Ordering Information
| Product Name | Catalog # | UNIT | Price | Qty | FAVORITES | |
MC1-R Double Nickase Plasmid (h) | sc-402152-NIC | 20 µg | $410.00 | |||
MC1-R Double Nickase Plasmid (h2) | sc-402152-NIC-2 | 20 µg | $410.00 |
MC1R encodes the melanocortin 1 receptor (MC1-R), a G protein–coupled receptor predominantly expressed in melanocytes that regulates pigmentation and cellular stress responses. Upon binding melanocortin peptides such as α-MSH, MC1-R activates Gs/adenylyl cyclase signaling to elevate cAMP, driving MITF-dependent transcription and shifting melanogenesis toward eumelanin production. This pathway integrates with UV-induced DNA damage responses and redox homeostasis, influencing melanocyte survival and inflammatory signaling in the skin. Genetic variation and altered MC1R activity are associated with pigmentation phenotypes and increased susceptibility to UV-related skin pathology, making it a widely used locus for mechanistic studies in melanocyte biology and photobiology.
MC1-R Double Nickase Plasmid (h) consists of a matched pair of plasmids engineered for high-specificity editing of the MC1R locus in human cell lines. Each plasmid expresses a Cas9 D10A nickase and a distinct sgRNA targeting opposite DNA strands within MC1R. When directed to adjacent sites on opposite DNA strands, the two nickases generate offset single-strand nicks that together produce a staggered double-strand break, requiring coordinated on-target activity from both guides. The resulting DNA break is resolved by endogenous cellular repair pathways, most commonly through non-homologous end joining (NHEJ), leading to insertions or deletions that disrupt MC1R function. By requiring dual sgRNA engagement at the target locus, the double nicking approach enhances editing specificity and provides a complementary CRISPR strategy for applications where additional control over targeting precision is desired.

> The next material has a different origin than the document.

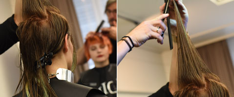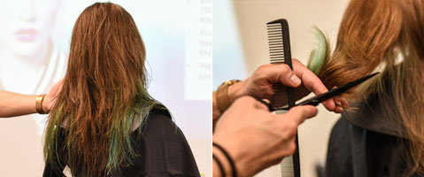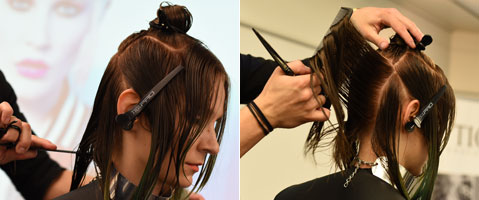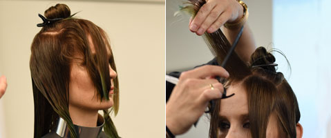 Step 12| Eine zentrale Führung für die Stufung etablieren, dafür im Point-Cut nach vorne hin leicht länger und nach hinten leicht kürzer schneiden, dabei an der Länge des unteren Bereichs orientieren. Das restliche Haar zur Mitte hin überziehen und gleichmäßig im Point-Cut schneiden.

To support efficient identification of edited cells, one plasmid encodes GFP for fluorescent visualization of transfected populations, while the companion plasmid carries a puromycin resistance gene for antibiotic selection. Together, these features support efficient enrichment of co-transfected populations and simplify the validation of MC1R-disrupted clones.
For Research Use Only. Not Intended for Diagnostic or Therapeutic Use.